# FPGA IMPLEMENTATION OF DIGITAL PREDISTORTION LINEARIZERS FOR WIDEBAND POWER AMPLIFIERS

Navid Lashkarian, Signal Processing Division, Xilinx Inc., San Jose, USA, navid.lashkarian@xilinx.com,

Chris Dick, Signal Processing Division, Xilinx Inc., San Jose, USA, chris.dick@xilinx.com

# ABSTRACT

This paper reports on the FPGA implementation of a Volterra series PA pre-distorter. The implementation of the pre-distorter and the indirect learning architecture for initializing the system is described. We supply insight into the implementation of the adaptive process itself and how the pre-distorter can exploit new generation heterogeneous FPGAs that provide a massively parallel compute fabric for demanding realtime tasks and an embedded processor for processes that have softer schedules. A recent generation visual programming design flow has been used for the implementation. The paper comments on the design productivity and efficiency aspects of the final FPGA implementation using this development environment.

#### 1. INTRODUCTION

Bandwidth efficiency and transmission power efficiency are often conflicting criteria in digital communication systems. One usually has to be traded-off with the other according to the system requirements. In wireless applications, the cost of bandwidth accounts for a considerable portion of overall cost, and it is therefore important to accommodate as many users in the system within the link frequency budget. This requirement imposes a heavy constraint on the power efficiency of the amplifier, contributing to nonlinear behavior in this part of the transmitter [1]. Nonlinear radio frequency (RF) power amplifiers (PA) generate intermodulation (IM) distortion as adjacent channel interference for many modulation formats. Therefore, the design of linearizers has become a key technology in wideband mobile communication transceivers.

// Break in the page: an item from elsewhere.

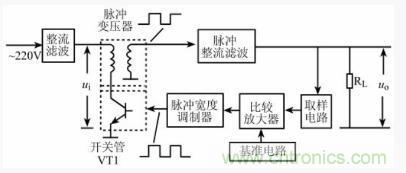 脈沖整流濾波后的 uo電壓一方面為負載 RL供電,另一方面加到取樣電路上。當輸出電壓變化時,取樣電路取樣后的電壓加到比較放大電路,與基準電壓比較后的電壓信號再送至脈沖寬度調制器,調制后的脈沖信號控制VT1的導通與截止的占空比。

One solution is the linearization of the amplifier by means of predistorter as shown in Figure 1. The digital predistortion (DPD) linearizer creates a version of the desired modulation making use of the feedback measurements of the actual amplifier output. The resulting signal, when passed through the nonlinear power amplifier creates a signal in which the power spectral density has significantly lower spectral leakage com-



Figure 1: Adaptive digital predistortion.

pared to an uncompensated transmit signal.

Traditionally, digital predistortion was implemented using a lookup table (LUT) approach. The LUT employed in this approach is representative of the inverse of characteristic of the amplifier [2]. While this approach has widespread application in narrowband power amplifier (memoryless nonlinear systems) linearization, its effectiveness is hampered by the memory effects in wideband power amplifiers, such as those used in multi-carrier Universal Mobile Telecommunications System (UMTS) and CDMA2000 systems.

In this paper, we address the design of a linearizer based on an adaptive truncated Volterra series (TVS) approach. TVS systems have become a very popular tool in adaptive nonlinear signal processing [3]. However, their real-time implementation has been restricted by the computational complexity associated with the filtering and adaptive mechanisms. Field programmable gate arrays (FPGAs) are an attractive option for realization of these highly complex signal processing functions for reasons of performance, power consumption and configurability. We propose an efficient and robust architecture for the linearizer based on truncated Volterra filters and provide a simulation model of the system within the Xilinx System Generator for  $DSP^{TM}$  [4] design flow. The implementation achieves up to 50 dB spectral suppression in neighboring frequency bands.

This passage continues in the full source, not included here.